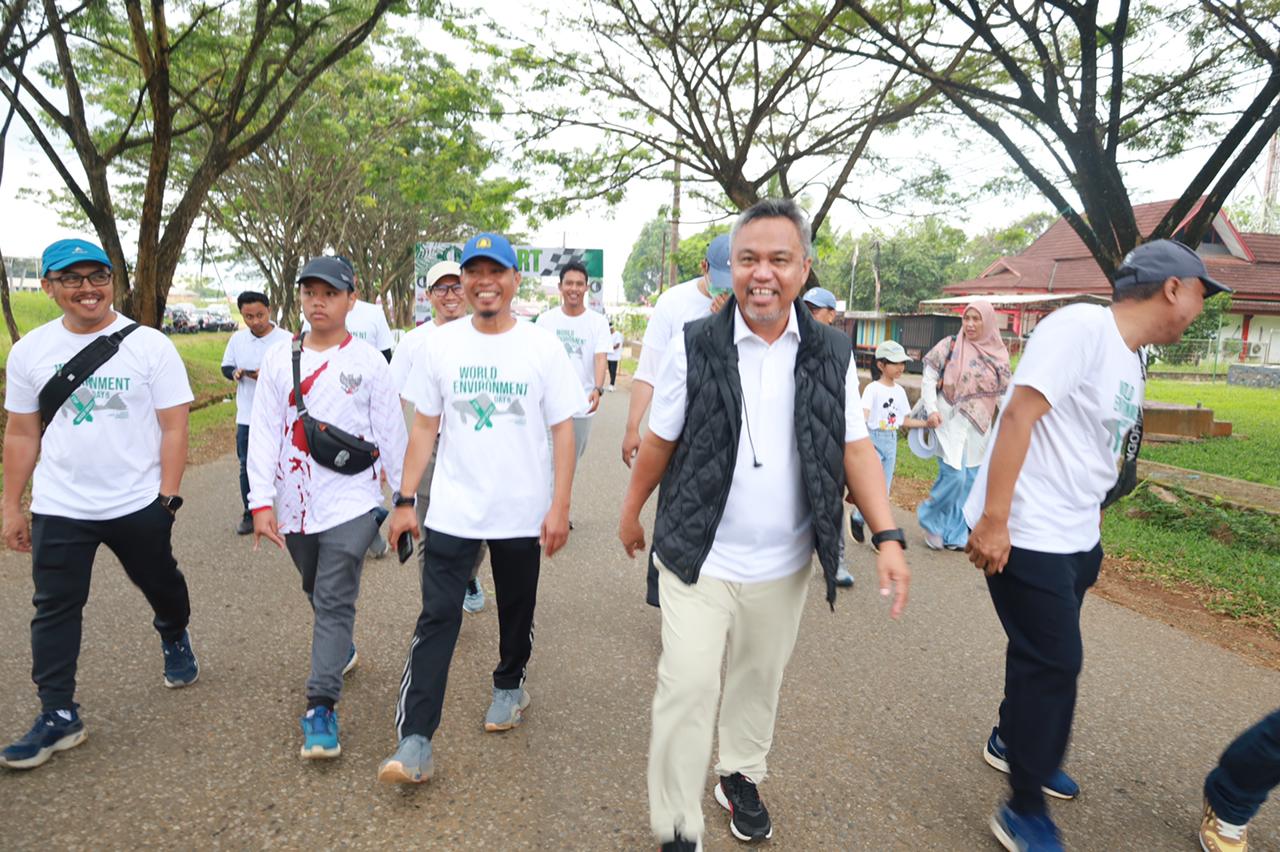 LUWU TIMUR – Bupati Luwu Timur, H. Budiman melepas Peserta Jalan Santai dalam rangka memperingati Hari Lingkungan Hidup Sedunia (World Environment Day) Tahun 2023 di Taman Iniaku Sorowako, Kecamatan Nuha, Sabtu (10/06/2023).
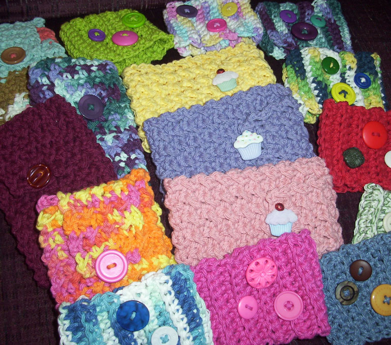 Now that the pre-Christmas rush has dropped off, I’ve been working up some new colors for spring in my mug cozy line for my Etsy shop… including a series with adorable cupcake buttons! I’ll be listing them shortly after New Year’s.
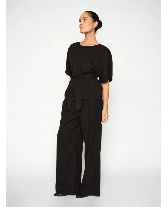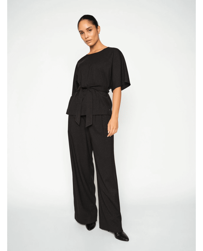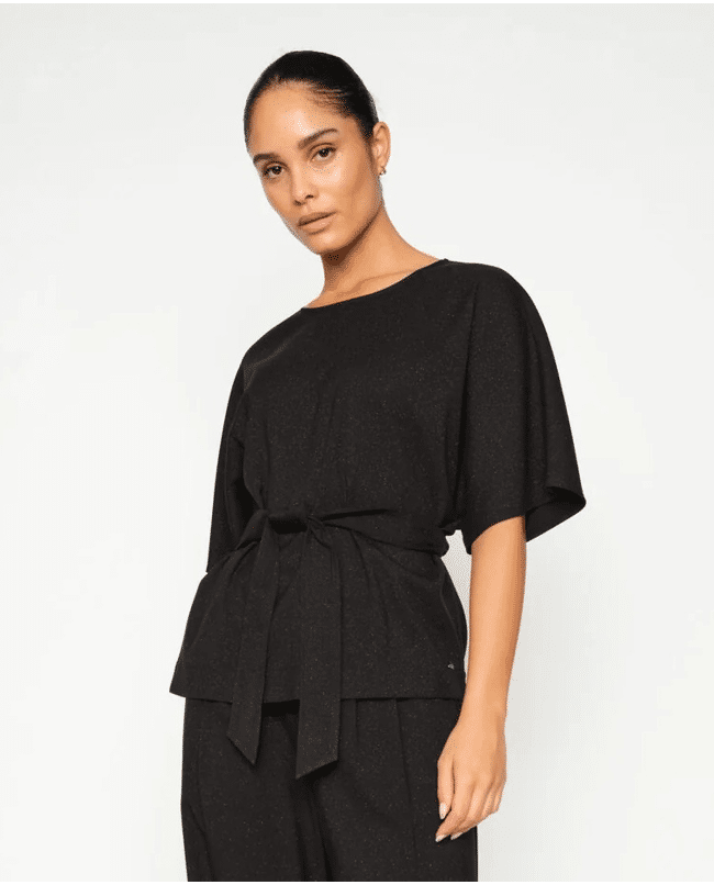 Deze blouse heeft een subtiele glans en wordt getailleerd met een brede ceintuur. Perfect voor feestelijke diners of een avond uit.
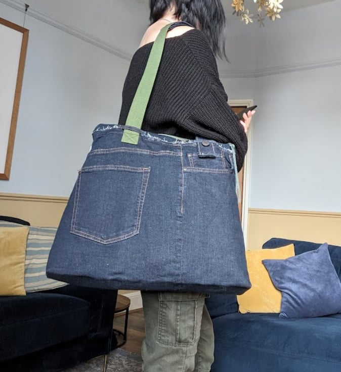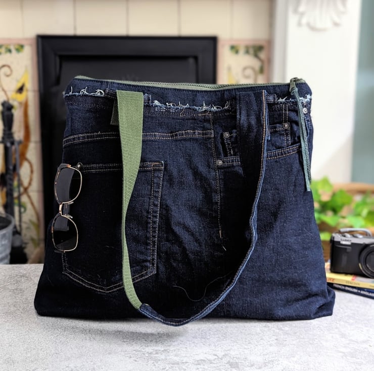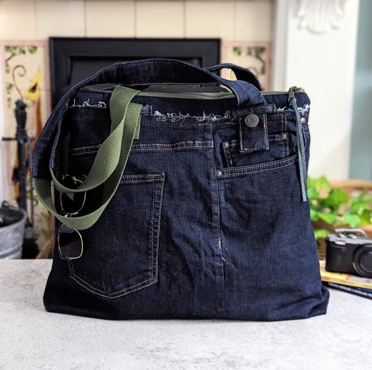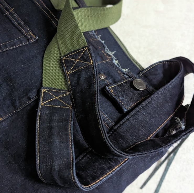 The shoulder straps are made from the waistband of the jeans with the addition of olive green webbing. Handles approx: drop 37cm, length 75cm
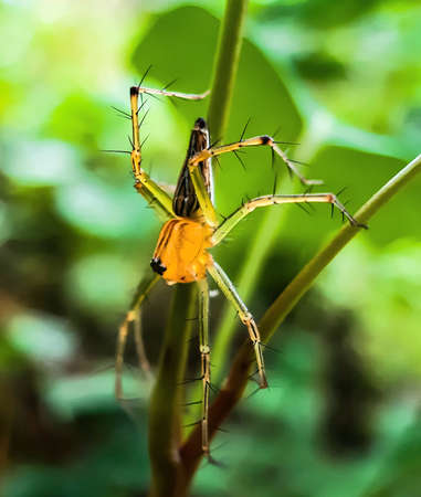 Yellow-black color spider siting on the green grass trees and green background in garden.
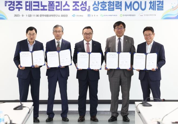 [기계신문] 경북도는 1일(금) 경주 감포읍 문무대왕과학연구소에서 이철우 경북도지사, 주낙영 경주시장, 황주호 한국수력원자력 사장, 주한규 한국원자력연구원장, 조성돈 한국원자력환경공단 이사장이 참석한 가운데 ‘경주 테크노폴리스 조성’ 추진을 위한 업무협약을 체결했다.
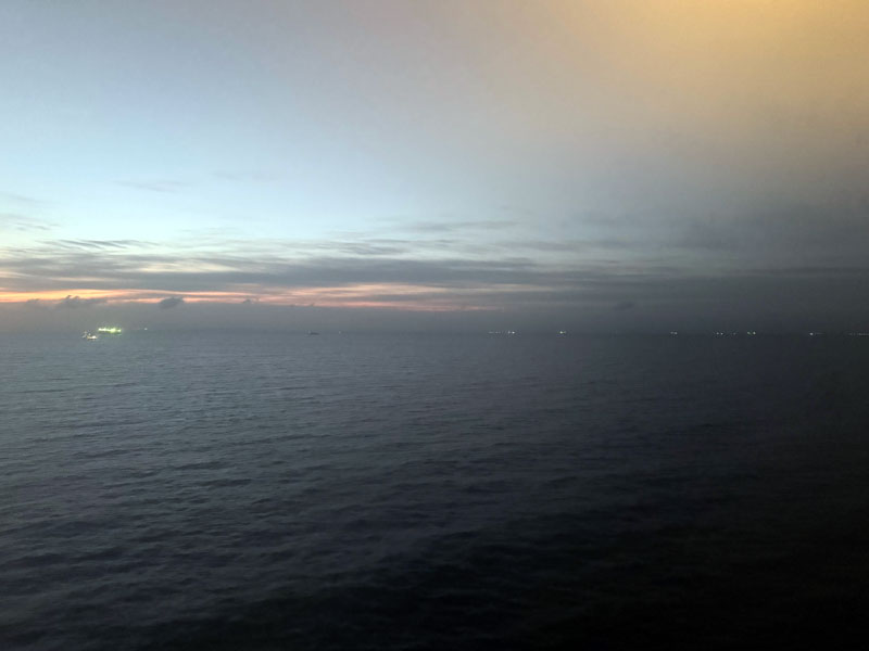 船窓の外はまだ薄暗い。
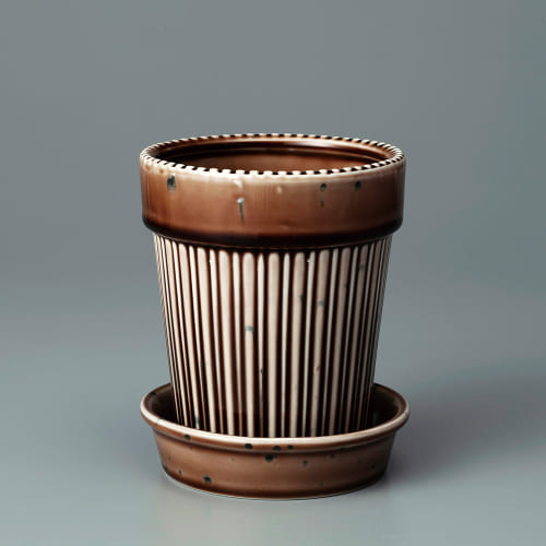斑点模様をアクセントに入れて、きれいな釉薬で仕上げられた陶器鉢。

· · · ·

* _EXERCISE_:
Without including any images, output the data exactly as given.

* _ANSWER BELOW_:
 LUWU TIMUR – Bupati Luwu Timur, H. Budiman melepas Peserta Jalan Santai dalam rangka memperingati Hari Lingkungan Hidup Sedunia (World Environment Day) Tahun 2023 di Taman Iniaku Sorowako, Kecamatan Nuha, Sabtu (10/06/2023).
 Now that the pre-Christmas rush has dropped off, I’ve been working up some new colors for spring in my mug cozy line for my Etsy shop… including a series with adorable cupcake buttons! I’ll be listing them shortly after New Year’s.
 Deze blouse heeft een subtiele glans en wordt getailleerd met een brede ceintuur. Perfect voor feestelijke diners of een avond uit.
 The shoulder straps are made from the waistband of the jeans with the addition of olive green webbing. Handles approx: drop 37cm, length 75cm
 Yellow-black color spider siting on the green grass trees and green background in garden.
 [기계신문] 경북도는 1일(금) 경주 감포읍 문무대왕과학연구소에서 이철우 경북도지사, 주낙영 경주시장, 황주호 한국수력원자력 사장, 주한규 한국원자력연구원장, 조성돈 한국원자력환경공단 이사장이 참석한 가운데 ‘경주 테크노폴리스 조성’ 추진을 위한 업무협약을 체결했다.
 船窓の外はまだ薄暗い。
斑点模様をアクセントに入れて、きれいな釉薬で仕上げられた陶器鉢。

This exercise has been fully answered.